Chuck Branch, CEO of Decision Data Resources and a partner in Retail Strategies LLC, presented the results of his company’s study of the area to the LaGrange-Troup County Chamber of Commerce at its annual meeting Thursday.
Branch says his company, commissioned for the study in 2011 by local governments and development groups, surveyed members of the community as part of its research.
“Target did come up on several surveys,” he said, and landing one here is not totally out of the question.
“Target actually is looking at locating smaller versions of its big-box stores at places around the country,” he said.
The company could eventually come to LaGrange, along with a number of other retailers that Branch and his partners say there is a “gap” of in this area.

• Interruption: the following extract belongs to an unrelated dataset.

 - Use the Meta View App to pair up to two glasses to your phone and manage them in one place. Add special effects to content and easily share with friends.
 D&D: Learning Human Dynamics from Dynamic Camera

Phase one of the plan, now that the study is complete, is to locate a grocery store somewhere in the area between LaGrange and West Point, which Branch says is one of the biggest gaps to fill. Much of the property around the Kia Motors plant was annexed into West Point and zoned for commercial use before the economy turned sour. Branch said things are starting to pick up along that corridor and other commercial clients now are looking at the zone along with the grocery store.
For members of the chamber, Branch went over some of his study results Thursday, which will be updated about every six months as conditions change.

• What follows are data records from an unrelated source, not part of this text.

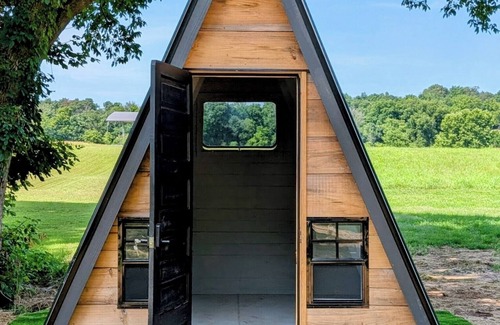 Please note: -This is a tiny A-Frame ( less than 64 sq ft). There are no beds provided. Please provide your own bedding including sleeping bags, air mattress, or cots. -There will be a portable toilet on site for your use. -There is no electric at this site. A small solar power station is rentable for an additional fee.
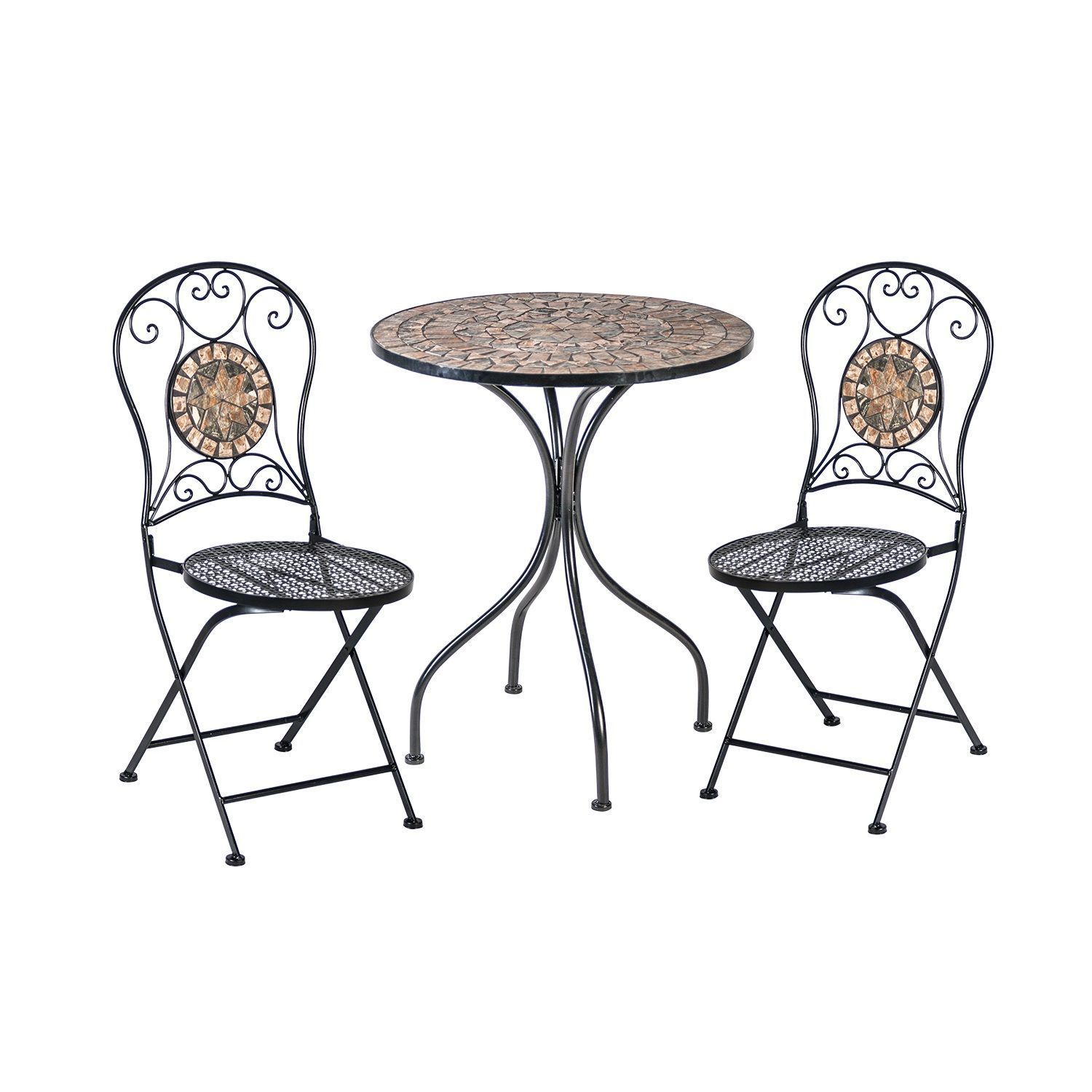 Rõdukomplekt MOSAIC laud ja 2 tooli. Laua mosaiikplaat ja kokkupandavate toolide seljatoed on kaunistatud pruunides ja hallides toonides keraamiliste plaatidega. Laua ja toolide jalad ja raam on valmistatud metallist ja viimistletud musta pulbervärviga. Laua mõõdud on D60xH70cm. Tooli üldmõõdud on 39x53xH90cm. Istme laius 37,5cm, istme sügavus 38cm, istme kõrgus 46cm. Kaalupiirang 90kg. Tooli mõõdud kokkupanduna on 38x100x11cm. HOOLDUS JA HOIUSTAMINE: metallist mööbel on praktiliselt hooldusvaba, piisab regulaarsest puhastamisest. Suvehooaja lõppedes soovitame aiamööblit hoiustada siseruumides. Puhastage ja kuivatage mööbel enne hoiule panekut. Kasutage hoiustamiseks kuiva ning hea ventilatsiooniga ruumi.
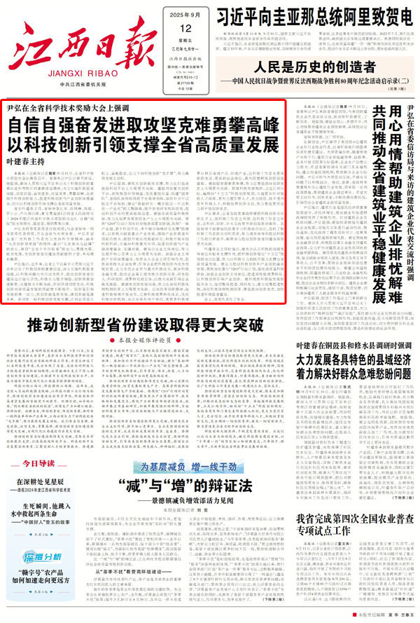 尹弘强调,要筑牢创新载体支撑,努力在打造高能级科创平台上实现更大突破。建强用好重大创新平台,高效规划布局增量、优化重组存量,构建“国家队”、省级队高效协同的平台基地矩阵,加快补齐中试验证平台短板,健全“基础研究—概念验证—中试熟化—产业化”的完整链条,提升新型研发机构质效,推动科创平台向更高能级迈进。要强化高质量科技供给,努力在培育发展新质生产力上实现更大突破。聚焦“1269”行动计划有针对性地部署创新链,按照“一条产业链、若干科创平台、多个细分领域研究支撑”的要求,以新技术赋能重点产业发展,围绕产业新赛道布局前沿技术,鼓励开展应用基础研究,积极开展有组织的科研,实施好科技重大专项,促进创新链与产业链深度融合、无缝对接。要突出企业主体地位,努力在提升核心竞争力上实现更大突破。加强企业主导的产学研深度融合,发挥龙头企业示范引领作用,狠抓高新技术企业培育,引导企业把科技创新内化为发展自觉,全力支持企业参与重大科技攻关,做好科技金融文章,推动企业真正成为技术创新决策、研发投入、科研组织、成果转化的主体,以技术突破引领企业做优做强。要激发创新发展动能,努力在深化科技体制机制改革上实现更大突破。弘扬改革创新精神,促进科技领域开放合作,完善科技成果转化体系,优化科技评价机制,突出市场和用户导向,使更多科技成果从样品变成产品、形成产业,让科技工作者有更体面的生活、更高的社会地位,最大限度释放创新创造潜能。要加强资源要素保障,努力在营造良好创新生态上实现更大突破。把握科技发展规律,立足江西实际,编制好“十五五”科技创新规划,实施更有针对性的人才政策,更大力度引育人才,充分信任、放手使用青年科技人才,积极培育创新文化,努力营造更具活力的开放创新生态。

Branch said along with recruiting new business to the area, part of the plan will focus on helping existing businesses expand their own opportunities and help local entrepreneurs with their own ventures. The retail recruitment plan will help identify businesses that can fill gaps for needed services.

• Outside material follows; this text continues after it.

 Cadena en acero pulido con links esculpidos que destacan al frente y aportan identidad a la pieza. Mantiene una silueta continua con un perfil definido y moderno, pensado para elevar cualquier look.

Branch and his associates collected data from the area on demographics, from incomes and ethnic backgrounds to who is spending money to buying certain items. For example, more than 11,000 people bought a mattress in this area last year, and the majority of people here — about 60 percent — buy clothing based on comfort. Just more than 6 percent buy clothing to keep up with the latest style.
Complete results of the survey and study results will soon be available on the chamber’s website, www.lagrangechamber.com.
Also Thursday, the chamber presented its annual awards, including a new award honoring Ida Tarver Jones, a longtime chamber volunteer. Jones died Jan. 4. The Ida Tarver Jones award will honor a volunteer each year. Jake Behr received the first award. Behr attended 90 percent of the ribbon cuttings, business after hours and other special events and make 153 retention calls to current chamber members.
Renae Willis, chairman of the chamber’s excellence in education committee, was presented with the Jane Fryer award, named for the former chamber president.
“I can’t think of a better honor to have,” Willis said. “Jane has been a mentor and guiding force in our community.”